Laat ik beginnen met ‘Eliane. Liefdeslyriek’. Op deze website was er al aandacht voor: de poëziebundel van dichter, schrijver, theoloog en emeritus predikant Wim Jansen. Voor hem is geloven steeds sterker een mystieke weg geworden met Liefde als sleutelwoord. Zijn ongeneeslijke kanker zorgt voor een verdiepingsslag. Het brengt hem nog intenser aan het schrijven en dichten, ook in zijn columns op NieuwWij.nl, tot herkenning van velen.
De liefde van zijn Eliane ervaart hij juist in deze fase als ‘het immer sprankelende levenselixer’. Hun ‘hele halve eeuw samen’ heeft hij gedichten voor haar geschreven. Sommige daarvan zijn gepubliceerd, vele niet. De bundel is een selectie uit al deze gedichten. De erotiek speelt een belangrijke rol in hun liefde en ook in Wims gedichten. Erotiek die ook altijd mystiek is.

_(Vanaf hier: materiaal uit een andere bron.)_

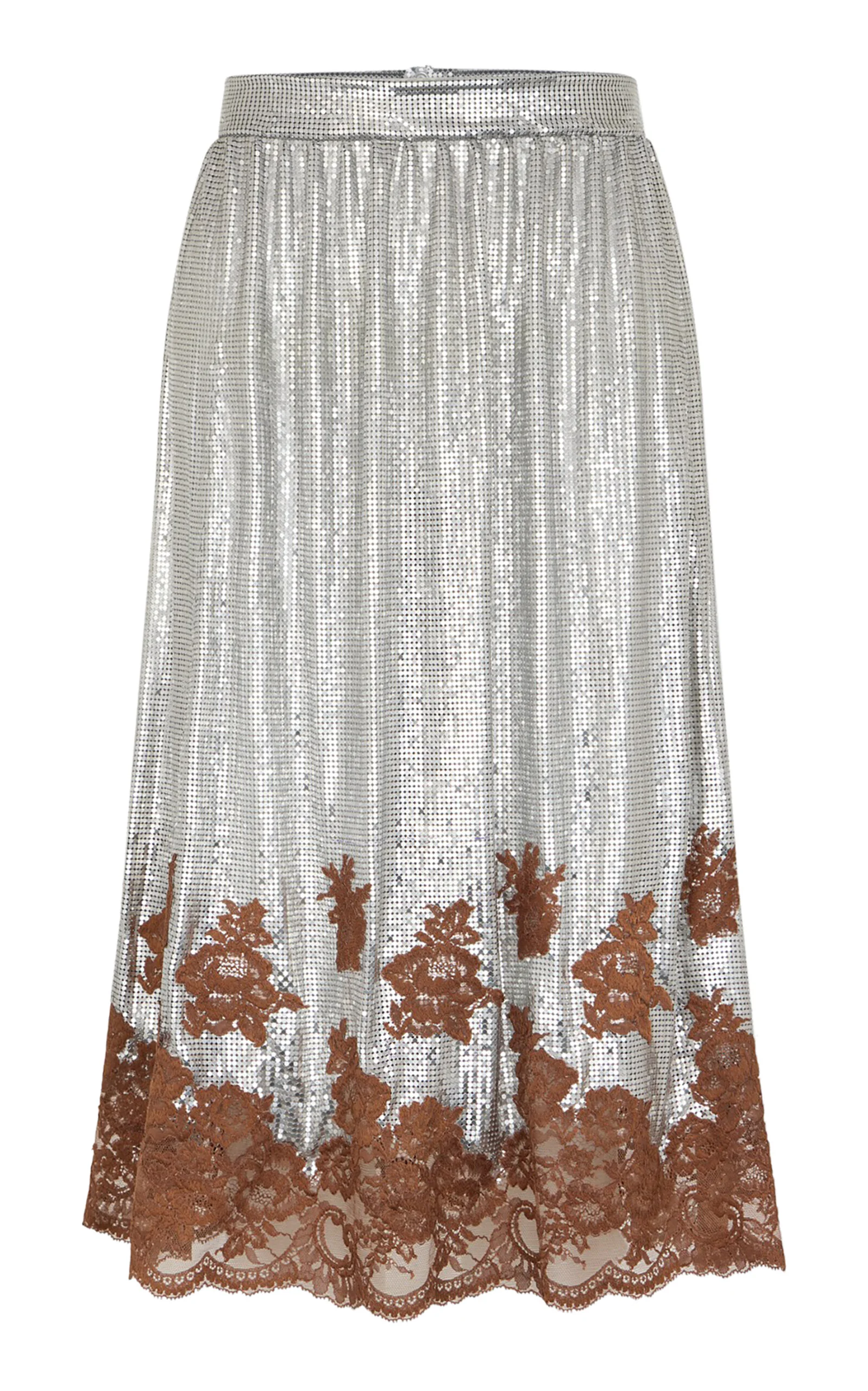 Each season, Julien Dossena builds off the last, championing Rabanne’s house codes and vintage-inspired luxuries while encapsulating our impulse to let go of tradition and try something new. Taking on a classic silhouette, this pleated skirt sits high on the waist and falls just below the knee. It’s made from silver-tone aluminium, delicately edged with lace at the hem. Contrast the metallic sheen with robust knitwear. PRODUCT DETAILS - Fall/Winter ‘25 - Zip fastening - Composition: 100% aluminum; Trim: 52.8% nylon, 47.1% polyester, 0.1% elastane - Dry clean - Imported

Wim Jansen is vrijzinnig. Als predikant diende hij Vrijzinnig Middelburg en Vrijzinnig Delft. Geen misverstand dus. Zo hebben we hem, oneerbiedig gezegd, in een hokje gestopt, zoals je dat ook met Guus Brand kunt doen: orthodox. Laatstgenoemde was de afgelopen decennia voorganger binnen de Christelijke Gereformeerde Kerken en in dit kerkverband preekte hij in de regio Hoogeveen. Op 5 juni jl. is hij op 88-jarige leeftijd overleden, ook aan ongeneeslijke kanker.
Zijn boek bevat ruim veertig preken. “Ik heb mij altijd een dienaar van het Woord gevoeld,” schrijft hij in het voorwoord. “En op de preekstoel voelde ik mij ook zo. Een dienaar. Meer zijn wij predikers niet. Een doorgeefluik, een heraut soms; maar in elk geval namens God en dat wil wat zeggen. ‘Wat verbeeld jij je wel’, heb ik vaak gedacht. Maar vaak voelde ik mij al prekende dicht bij de hemel. Als het maar is tot Gods eer.” (p.9)

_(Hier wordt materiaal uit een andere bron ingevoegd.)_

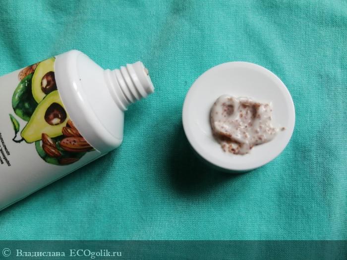 Скраб приятно пахнет лимончиком и сосной. В нем измельченные миндальные косточки, масла ши, авокадо, какао (то есть пока обрабатываете кожу, он ее питает), эфирные масла сосны, бея, лемонграсса (для освежения кожи стоп, для профилактики проблем кожных с ней, для аромата).

Deze woorden getuigen van vrijmoedigheid: ‘namens God’ en ‘dichtbij de hemel’… kan dat zomaar? Hij benadrukt dat hij op brede schouders staat: die van de Bijbel, de geloofstraditie en van uitleggers die hem voorgingen. Toch zijn het ook echt zijn eigen preken: klassiek en tegelijk authentiek.
De theologen Jansen en Brand zijn ieder op hun eigen manier vrijmoedig. Beide opgevoed binnen de Gereformeerde Kerken in Nederland (een voorloper van de Protestantse Kerk). De een geboren in 1950, de ander in 1935. De een actief in Zeeland, de ander in het zuiden van Drenthe. Ik bespeur een generatieverschil, maar ik zie vooral unieke personen met ieder hun eigen levensverhaal.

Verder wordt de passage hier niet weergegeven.